In March 2023, when cities around the world were celebrating the post-COVID return of tourism and the economic activity that comes with it, Amsterdam did something different. It pleaded for people to not visit their city through a campaign called, “Stay Away.”
Amsterdam, a city of nearly 900,000 gets approximately 20 times that number of visitors each year, and its inhabitants are fed up with the way that tourism has altered their city. Though Stay Away is aimed at young English men known to visit Amsterdam for its legal prostitution and marijuana, the campaign is just one part of Amsterdam’s much larger effort to reconsider how the city caters to all visitors.
Amsterdam isn’t the only city trying to curb tourism. In January 2023, Venice implemented a 10 Euro entry fee to visit the city and set a cap on total tourists admitted per year.
While European cities have been lamenting overtourism ever since the Euro was adopted 25 years ago and budget airlines enabled quick jaunts to Corsica or Dublin for the weekend, the reprieve from tourism during COVID has only emboldened cities to consider a future without more visitors.
And now a newer frustration with foreign travelers has emerged: digital nomads who are upsetting the local culture and wielding outsize power with their wallets.

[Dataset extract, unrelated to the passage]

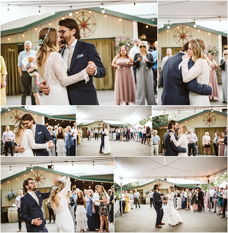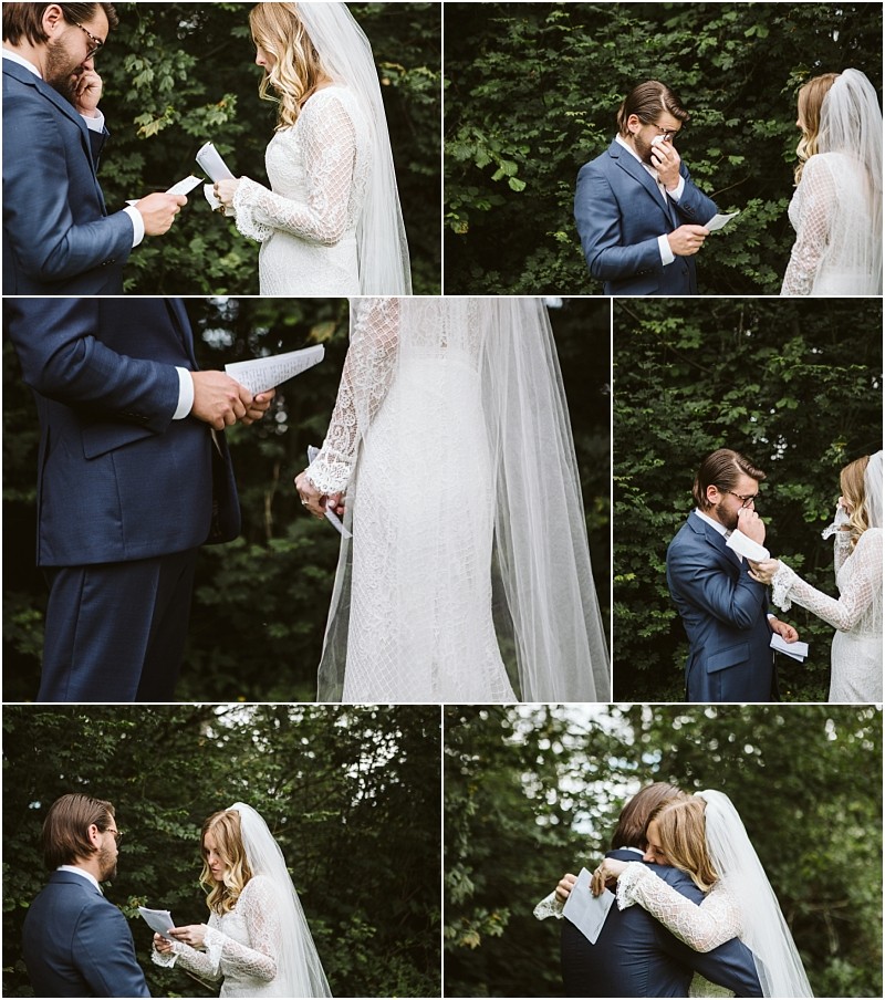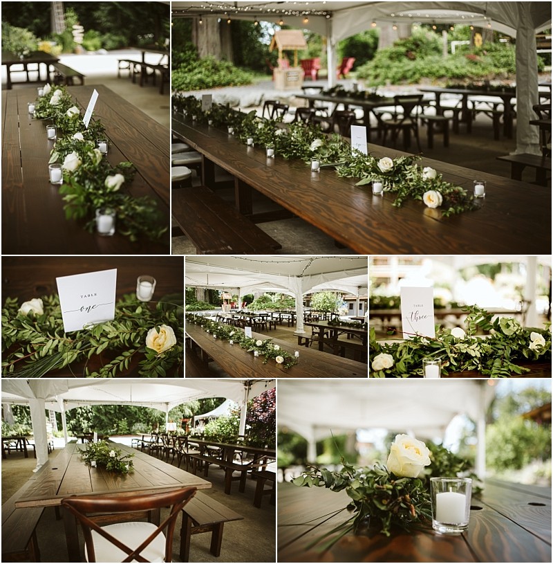 Meaghan and her friends relaxed and prepped at a nearby AirBNB on the morning of their wedding, and TJ busied himself making everything exactly right at The Lookout Lodge (he did great, didn’t he? Check out those tables!!) There were plenty of tears during their first look and private vow exchange, as TJ couldn’t take his eyes off Meaghan. TJ’s brothers performed a song during the ceremony, and then everyone danced the night away in the reception tents.

Shortly after Lisbon became the go-to city for digital nomads, the city ended its “golden visa” program and banned new Airbnbs, citing skyrocketing housing prices. Cities from Medellin to Mexico City are also struggling to cope with an influx of affluent digital nomads who can pay more than local residents for housing, food, and entertainment, thus raising the cost of living. It’s gotten bad enough that people took to the streets of Mexico City to protest digital nomad gentrification.
It turns out that regular people are becoming tourists as well. The routine of going into work five days a week has been replaced for some by a weekly trip to the city that presents an experience more akin to tourism than a commute. A report from Placer.ai noted that Brooklyn’s number of tourists was outpacing Manhattan’s— but who were those tourists? “Former residents who are now regularly returning to their old haunts to shop, eat, or visit friends.” City dwellers and suburbanites who used to come into the city five days a week, now only leave their neighborhoods for concerts, sporting events, or a fancy dinner — things that makes them tourists in their own town.
Whereas tourists used to be the people wearing sneakers and fanny packs carrying wide-angle cameras, they are being redefined. But what unites the problems of the local day tourist, the foreign digital nomad, and the hordes on the streets of Amsterdam, is the sense that tourism is destabilizing the natural rhythms and relationships in cities.